Faculdade de Ciências e Tecnologia, Universidade dos Açores (UAc), Ponta Delgada, Portugal.
Instituto de Investigação e Inovação em Saúde (I3S), Universidade do Porto, Porto, Portugal.
Mol Neurobiol. 2019 Jan;56(1):119-124. doi: 10.1007/s12035-018-1069-x. Epub 2018 Apr 21.
Molecular alterations reflecting pathophysiologic changes thought to occur many years before the clinical onset of Machado-Joseph disease (MJD)/spinocerebellar ataxia type 3 (SCA3), a late-onset polyglutamine disorder, remain unidentified. The absence of molecular biomarkers hampers clinical trials, which lack sensitive measures of disease progression, preventing the identification of events occurring prior to clinical onset. Our aim was to analyse the mtDNA content and the amount of the common deletion (m.8482_13460del4977) in a cohort of 16 preataxic MJD mutation carriers, 85 MJD patients and 101 apparently healthy age-matched controls. Relative expression levels of RPPH1, MT-ND1 and MT-ND4 genes were assessed by quantitative real-time PCR. The mtDNA content was calculated as the difference between the expression levels of a mitochondrial gene (MT-ND1) and a nuclear gene (RPPH1); the amount of mtDNA common deletion was calculated as the difference between expression levels of a deleted (MT-ND4) and an undeleted (MT-ND1) mitochondrial genes. mtDNA content in MJD carriers was similar to that of healthy age-matched controls, whereas the percentage of the common deletion was significantly increased in MJD subjects, and more pronounced in the preclinical stage (p < 0.05). The BCL2/BAX ratio was decreased in preataxic carriers compared to controls, suggesting that the mitochondrial-mediated apoptotic pathway is altered in MJD. Our findings demonstrate for the first time that accumulation of common deletion starts in the preclinical stage. Such early alterations provide support to the current understanding that any therapeutic intervention in MJD should start before the overt clinical phenotype.

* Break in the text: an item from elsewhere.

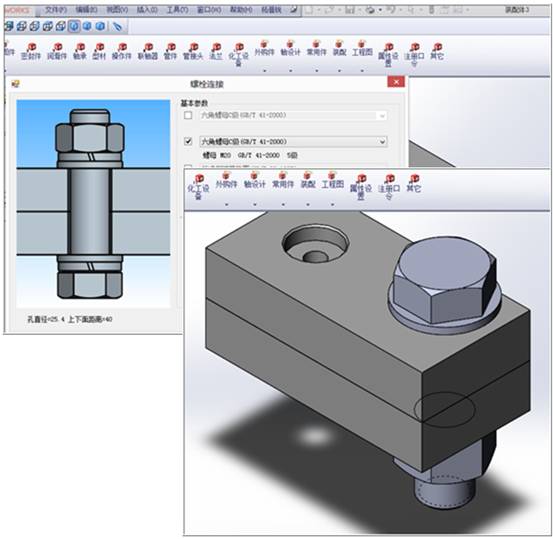 9、自動(dòng)匹配和裝配螺栓、螺母、墊圈、彈簧墊圈模型,如在繪制螺栓連接時(shí),軟件會(huì)同時(shí)提供螺栓、螺母、墊圈的選擇,之后會(huì)自動(dòng)將這些標(biāo)件插入并裝配在正確的位置,如下圖:

反映 Machado-Joseph 病(MJD)/脊髓小脑共济失调 3 型(SCA3)发病前多年生理病理变化的分子改变仍然未知。MJD/SCA3 是一种迟发性多聚谷氨酰胺疾病,缺乏分子生物标志物,这阻碍了临床试验的开展,因为这些临床试验缺乏疾病进展的敏感衡量标准,从而无法识别发病前的事件。我们的目的是分析一组 16 名预发病 MJD 突变携带者、85 名 MJD 患者和 101 名年龄匹配的健康对照者的 mtDNA 含量和常见缺失(m.8482_13460del4977)的量。通过实时定量 PCR 评估 RPPH1、MT-ND1 和 MT-ND4 基因的相对表达水平。mtDNA 含量通过线粒体基因(MT-ND1)和核基因(RPPH1)表达水平之间的差异计算得出;mtDNA 常见缺失的量通过缺失(MT-ND4)和未缺失(MT-ND1)线粒体基因的表达水平之间的差异计算得出。MJD 携带者的 mtDNA 含量与健康年龄匹配的对照组相似,而 MJD 患者的 mtDNA 常见缺失百分比显著增加,且在临床前期更为明显(p<0.05)。与对照组相比,预发病携带者的 BCL2/BAX 比值降低,提示 MJD 中线粒体介导的凋亡途径发生改变。我们的研究结果首次表明,常见缺失的积累始于临床前阶段。这些早期改变为当前的理解提供了支持,即 MJD 中的任何治疗干预都应在明显的临床表型出现之前开始。